# FITNESS and NUTRITION FORUM > **CONFIDENTIAL** BLOOD TESTING and 5 Day STEROID CLEANSE! >  Will I be ok

## qazwsx

WHat do they test for in aviation medicals? would it be a piss test?

Does this show roids ?

Contemplating my first course of Test E + possibly DBol . I think it stays for 3 months after last inj.. 


If I get a Med done once a year, what do sort of tests are in aviation? 



If its once a year I could start a course after passing a med. then I will have like 6 months extra to make sure its out of my system. (3month course / 3 month to get out of system)

----------


## CheddaNips

Test E is 5months i believe. In order to see if your on roids, i think they have to compare test levels with sumthin in your piss so you mite be okay

----------


## qazwsx

> Test E is 5months i believe. In order to see if your on roids, i think they have to compare test levels with sumthin in your piss so you mite be okay


thanks, but bump for more accurate answers.

----------


## Dizz28

is this for the military? I know about Military flight physicals...

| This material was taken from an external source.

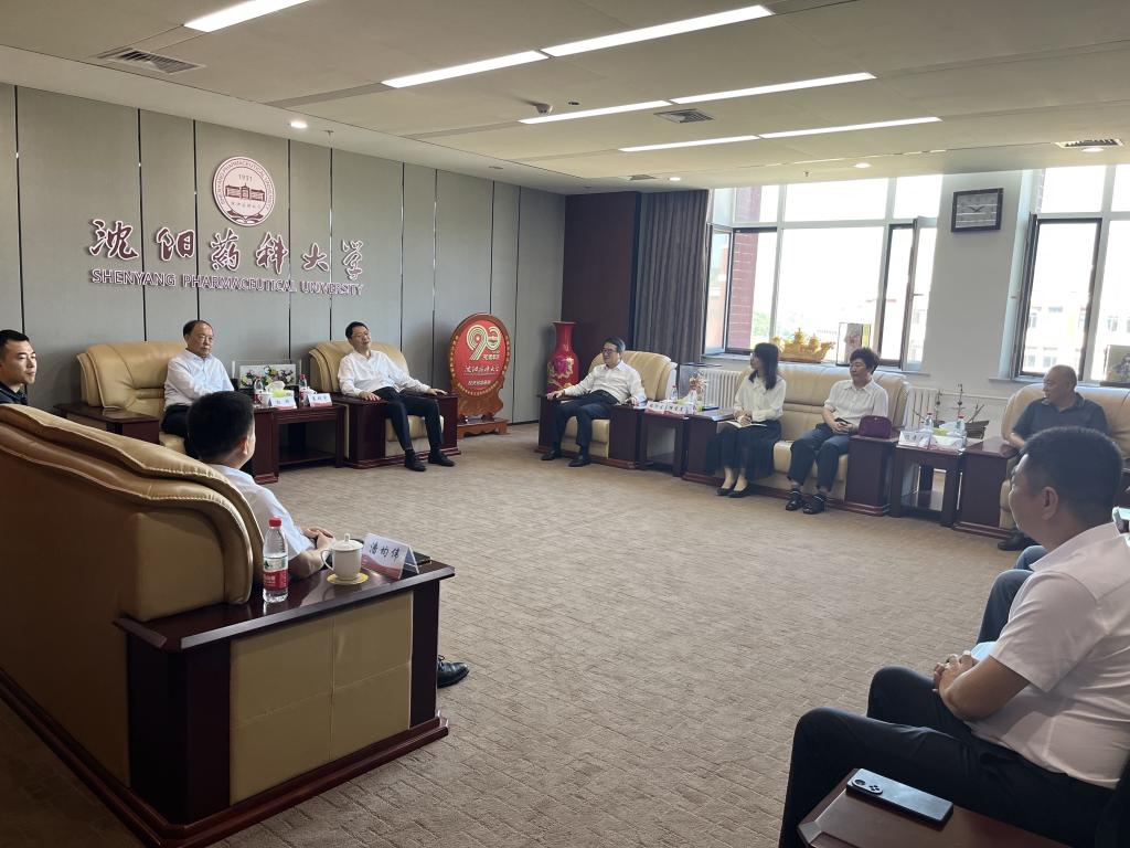 9月1日下午,浙江海正药业公司前董事长、浙江博崤生物制药有限公司董事长白骅,华垟医药科技有限公司董事长潘均伟一行七人受邀来校洽谈合作。公司党委书记高明宇、董事长程卯生亲切会见。

They don't test for steroids ...but they do a complete metabolic panel and if you have elevated liver values or blood cell counts they will do further tests. They also test for rec drugs but that is military wide anyway.

----------


## qazwsx

> is this for the military? I know about Military flight physicals...
> 
> They don't test for steroids...but they do a complete metabolic panel and if you have elevated liver values or blood cell counts they will do further tests. They also test for rec drugs but that is military wide anyway.



hey mate,

I am not going to try out for air force for a few years if i decide to go that direction.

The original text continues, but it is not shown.